JP2764125B2 - Electrolytic apparatus having electrode protection function and electrode protection method - Google Patents

Description

DETAILED DESCRIPTION OF THE INVENTION (Industrial application field) The present invention detects an excessive rise in voltage in an electrolysis operation using an insoluble metal anode mainly at a high voltage higher than the breakdown voltage of the electrode substrate. An apparatus and method for protecting the insoluble metal anode.

(Conventional technology and its problems) In an electrolyzer requiring a high voltage, for example, an electrodialyzer, the total cell voltage depends on the number of elements in the electrolyzer.
It is about 100-200V. Current density is 10A even in seawater electrolyzer
/ For dm ² requires a voltage of about 5V per interelectrode distance 1cm Therefore interelectrode distance reaches a certain the 10V voltage at 2 cm. Further, in high-speed plating, the current density may be 100 A / dm ² or more, and in this case, the cell voltage in the sulfuric acid bath often exceeds 100 V. The electrode substrate of the insoluble metal anode used for these electrolysis is titanium or a titanium alloy, and its breakdown voltage in a halogen-free bath is about 100 V, and the breakdown voltage in a halogen-containing bath is about 10 V. is there.

When the insoluble metal anode is functioning normally, the potential of the anode is 1 to 2 V, and there is no problem with the electrode material or the electrode substrate. However, when the electrode material is consumed or when the electrode reaches the end of its life, the electrode is inactivated and the current hardly flows. In this case, in the electrolytic apparatus in which a plurality of cells are connected in series, most of the total cell voltage is applied to the portion having the highest resistance, that is, the passivated anode, and when the current becomes zero, the total cell voltage becomes the passive state. Will be hung on the converted anode. The voltage applied to the anode is 100 V in the case of a sulfuric acid bath,
Approximately 10 V for chlorine, depending on the type of halogen-containing bath
If the temperature exceeds the above, active dissolution of titanium or a titanium alloy as an electrode substrate is caused, and the electrode substrate cannot be used again as an electrode substrate.

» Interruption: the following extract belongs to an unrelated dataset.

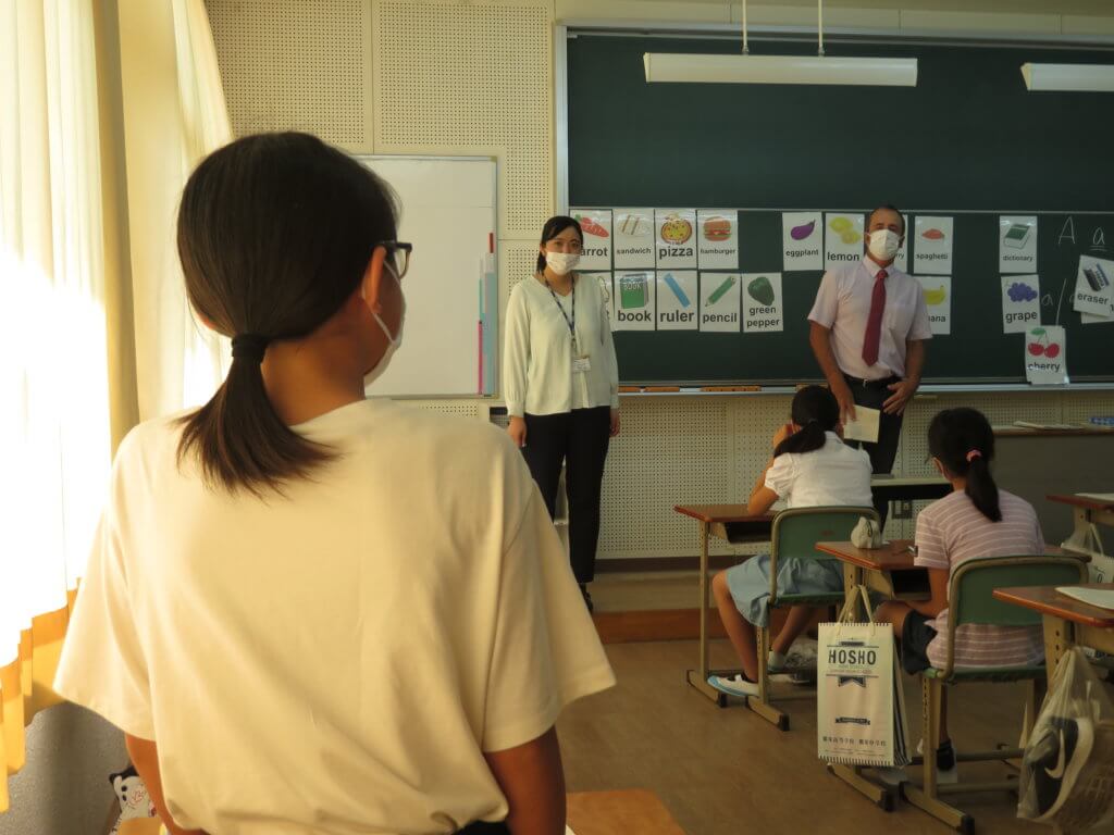 英会話では、お買い物ごっこを通して、単語や会話の練習を行いました。ALTの先生と一緒に発音の練習をしたり、自己紹介をしたりしました。

In order to prevent such a state, a method of detecting a cell voltage and detecting a voltage concentration on an electrode substrate based on an abnormality of the cell voltage has been adopted. In normal electrolysis, the current is maintained at a substantially constant value, so if the resistance value of the electrolytic cell rises for some reason, the cell voltage rises, so this is a method of detecting an abnormality in the electrolytic cell by detecting the rise. . However, in practice, the cell voltage is not determined solely by the state of the anode. The cell voltage is determined as a combined value of many factors, such as the resistance of the cell. Therefore, by measuring the cell voltage, it is possible to detect an abnormality at a certain point in the entire electrolytic system, but the abnormality is not necessarily caused by the electrode. There is a disadvantage that the abnormality of the electrode is canceled by the abnormality and the cause of the fluctuation of the cell voltage cannot be determined. Further, for example, in the case of electrolysis containing a halogen element such as chlorine, the breakdown voltage is only about 10 V, and such a voltage may fall within the range of daily fluctuation in a dialysis tank. If specified, a slight change in the state of the electrode frequently stops the electrolysis, leading to a decrease in efficiency. There is a problem that the substrate cannot be destroyed.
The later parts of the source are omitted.